Daniel Roy Greenfeld

Daniel Roy Greenfeld

About | Articles | Books | Jobs | News | Tags

We need more PyCon US 2013 submissions!

The PyCon US 2013 call for papers (CFP) ends tomorrow, September 28th, 2012. We need more talk and tutorial submissions. Talks are 30 or 45 minute efforts in front of the PyCon audience and are recorded for posterity. Tutorials are three hours long and are given to attendees who have paid an additional fee in order to slurp in knowledge from the masters.

On the 3 hour tutorial side of things, we especially need more Intro to Python level submission. That means getting beginners up to speed on basic Python techniques, so they can then exploit the other tutorials, conference, and sprints to their full advantage.

Now onto some questions...

  1. I would like to give a tutorial but it's so much work to put together 3 hours of quality content.

The organizers of PyCon recognize that putting together a quality tutorial is an amazing amount of work. Which is why tutorial presenters are compensated for their effort.

  1. What is the most likely length talk to be accepted? 30 minutes or 45 minutes?

The vast majority of PyCon sessions are 30 minutes long, so 45 minute slots are rare and valuable commodities. So if your talk needs to be 45 minutes long your proposal has to really speak to the PyCon talk reviewers.

Not only that, if reviewers send you information requests for any duration talk or tutorial, you dramatically increase your odds of talk acceptance with timely responses.

And, as said before, PyCon really needs more introductory level Python tutorial submissions.

  1. I would like to present a talk or tutorial but I can't afford to come to PyCon.

PyCon's financial aid program is said to favor accepted speakers to PyCon. They really want you to come!

  1. I would like to present but I can't come up with a good idea!

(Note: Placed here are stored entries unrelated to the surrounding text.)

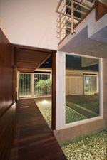 Casa 948 Culminada en el año 2006, esta casa por encargo se convierte en la opera prima de dos jóvenes arquitectos, Beltrán Haddad y Víctor Sánchez. La casa 948 está ubicada en una típica loma de la accidentada topografía del sur del valle de Caracas, en un lote de 527 m ² , dentro de un conjunto de casas relacionadas en el centro por un pequeño parque. La casa se compone de dos volúmenes vinculados por un cuerpo común que morfológicamente describe una “L”, organización que se establece a partir de un eje orientado en sentido este-oeste, que contiene el sistema de espacios de acceso y circulación que vinculan entre sí a las diversas áreas contempladas en el programa; de esta forma, se instaura una relación de continuidad que permite comunicar física y visualmente el acceso de la casa con el patio, que se configura entre el volumen y el muro medianero sureste, extendiéndose esta condición hasta el parque vecino. La reinterpretación contemporánea del patio y del zaguán tradicionales , ha sido motivo de referencia constante para los proyectistas; según Haddad y Sánchez el patio será el elemento ordenador del proyecto, garantía de ventilación e iluminación adecuada, además de recinto para el encuentro, la faena y el ocio. En el nivel superior se ubican las habitaciones secundarias abiertas hacia la vista del norte. Un volumen más pequeño e independiente ubicado al sur alberga en su primer nivel la habitación principal, debajo se encuentra la sala conectada con todo su entorno, generando una especie de caja de vidrio en medio de toda el área verde. La estructura de toda la casa es de hormigón armado, a excepción de la zona de circulación, donde se propone una estructura mixta con soportes de acero para cerrar a lo largo de toda la doble altura del pasillo con una piel ligera y transparente. www.fau.ucv.ve/proyecto_casa948.htm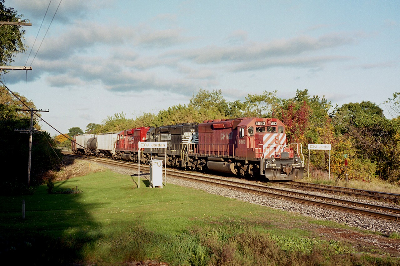 Caption: Really nice early morning, as you can see; the sun is around to the south side of the tracks already as the daily NS auto parts train from Talbotville to Buffalo makes its' way thru Jordan. This combination of colour was most often recorded, a CP-NS mix.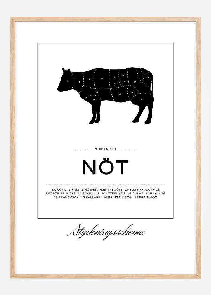 Shema rasijecanja nije samo za profesionalne mesare! Ovaj elegantni poster ima motiv crne krave koja je podijeljena sa oznakama koje pokazuju gdje se, na primjer, uzimaju rostbif, rolada i grobni file. Ispod slike nalazi se tekst "VodiÄ za govedinu" zajedno s urednim popisom brojeva razliÄitih dijelova. Oko motiva prolazi tanak pravokutnik, a ispod pravokutnika nalazi se natpis s tekstom "Shema rasijecanja". Crno-bijeli dizajn izvrsno izgleda u kombinaciji sa srebrnim okvirom ili okvirom u vaÅ¡oj omiljenoj boji. Poster je dostupan u nekoliko razliÄitih formata, tako da lako možete pronaÄi onaj koji odgovara upravo vaÅ¡oj kuhinji.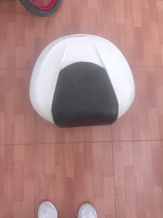 Baúl de moto con un diseño moderno y funcional. - Color blanco y negro. - Asiento acolchado.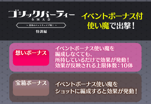 - 【ゴシックパーティー全国大会 第三章 怒涛のバットウェイブ戦!~本戦編~】の詳細は、5/23(月)メンテナンス後に公開予定のお知らせをご確認ください。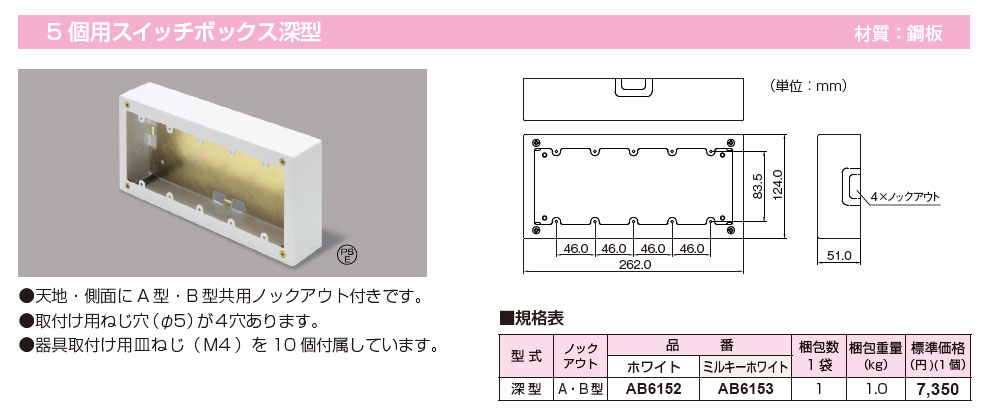 AB6152 メタルモール 5個用スイッチボックス深型 1袋(1個入)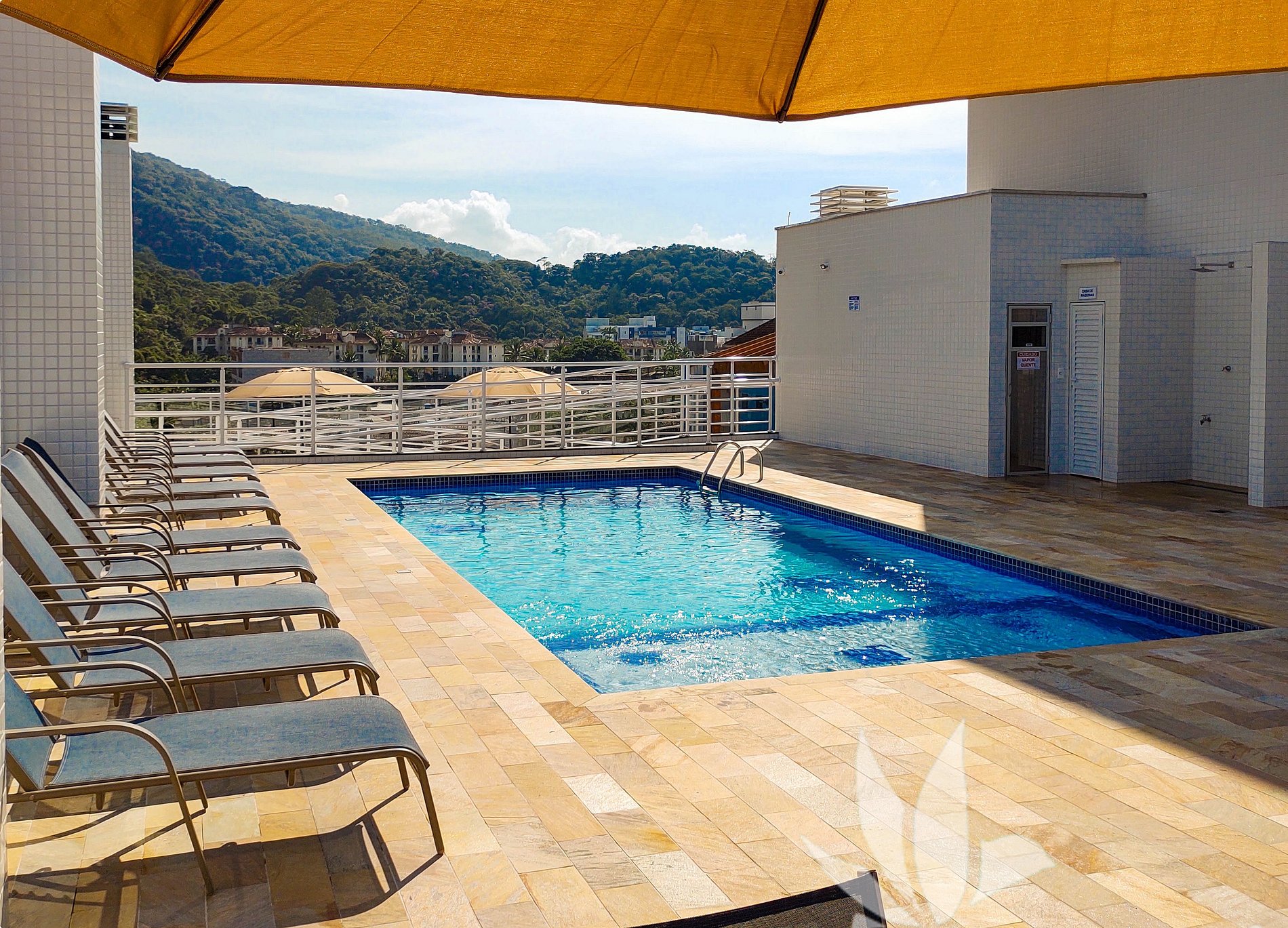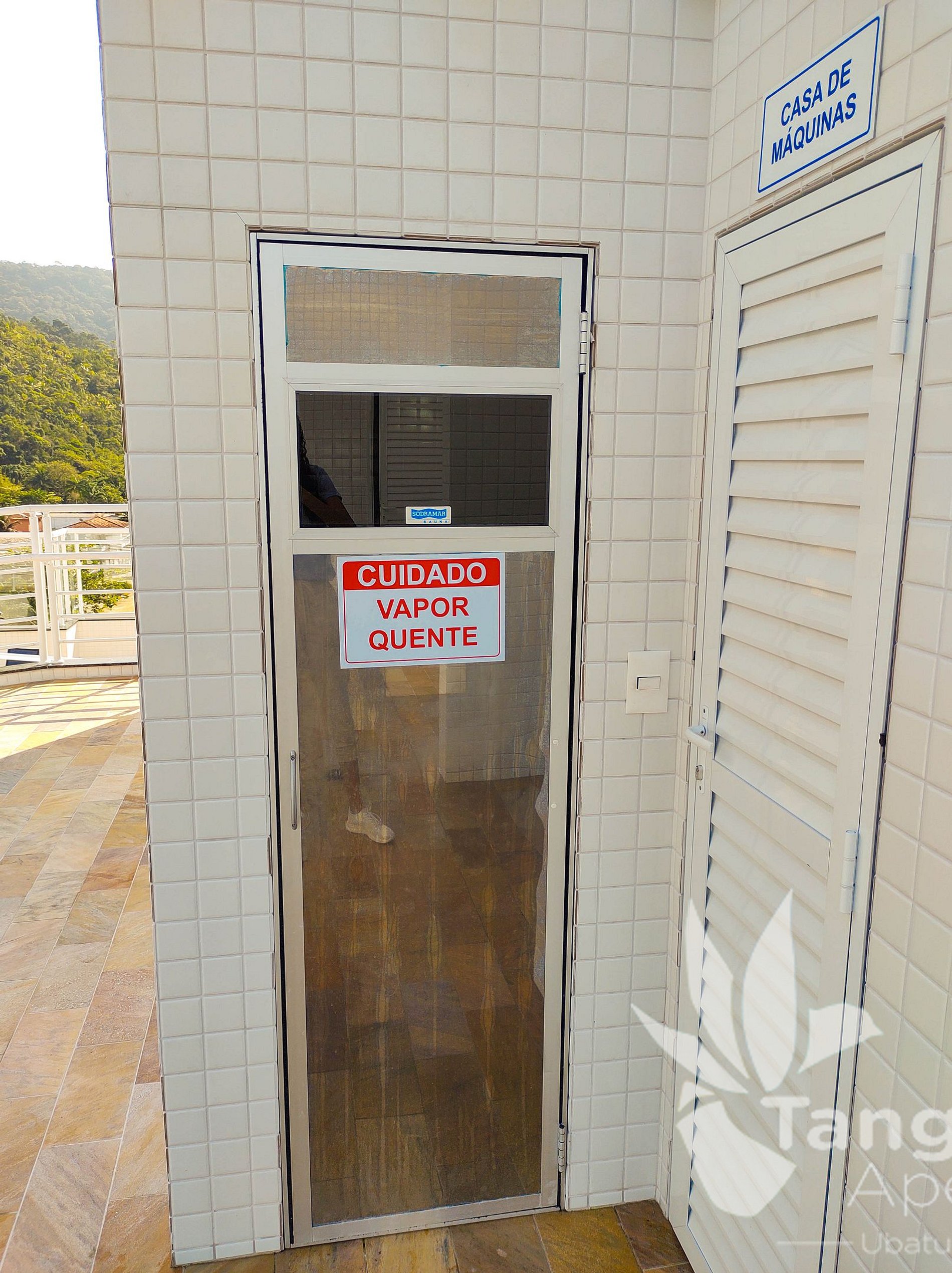 E uma sauna a vapor, perfeita para momentos de bem-estar e descanso após um dia de praia.

I had this problem as well! Then I looked at the Suggested Tutorial Topics and got some ideas.

  1. Ack! I've got a talk idea but it's going to take me too much time to put it together!

Submit the talk anyway before the talk and in fields you aren't ready to fill in, simply put 'TBD'. Then over the course of the next few days replace TBD with real material. Don't wait too long though to fix those TBDs, no more than a week!

  1. I'm a beginner/nobody in the community, is there any chance my proposal will get accepted?

Absolutely!

The PyCon talk/tutorial reviewers love to see new people present. While experienced/proven speakers have an edge, good talk/tutorial proposals from promising candidates can make it into the conference. Carefully double-check your submission, be responsive to reviewers, and stay positive. I'm not saying you will get in, but I am saying it's worth the effort.

Good luck!

PyCon 2013 is going to be bigger and better than any previous year. That's because we pull together as a community to run an amazing event that is known to jumpstart careers and cause amazing life changes. We can't do this without you, so hurry up on your PyCon US 2013 submissions!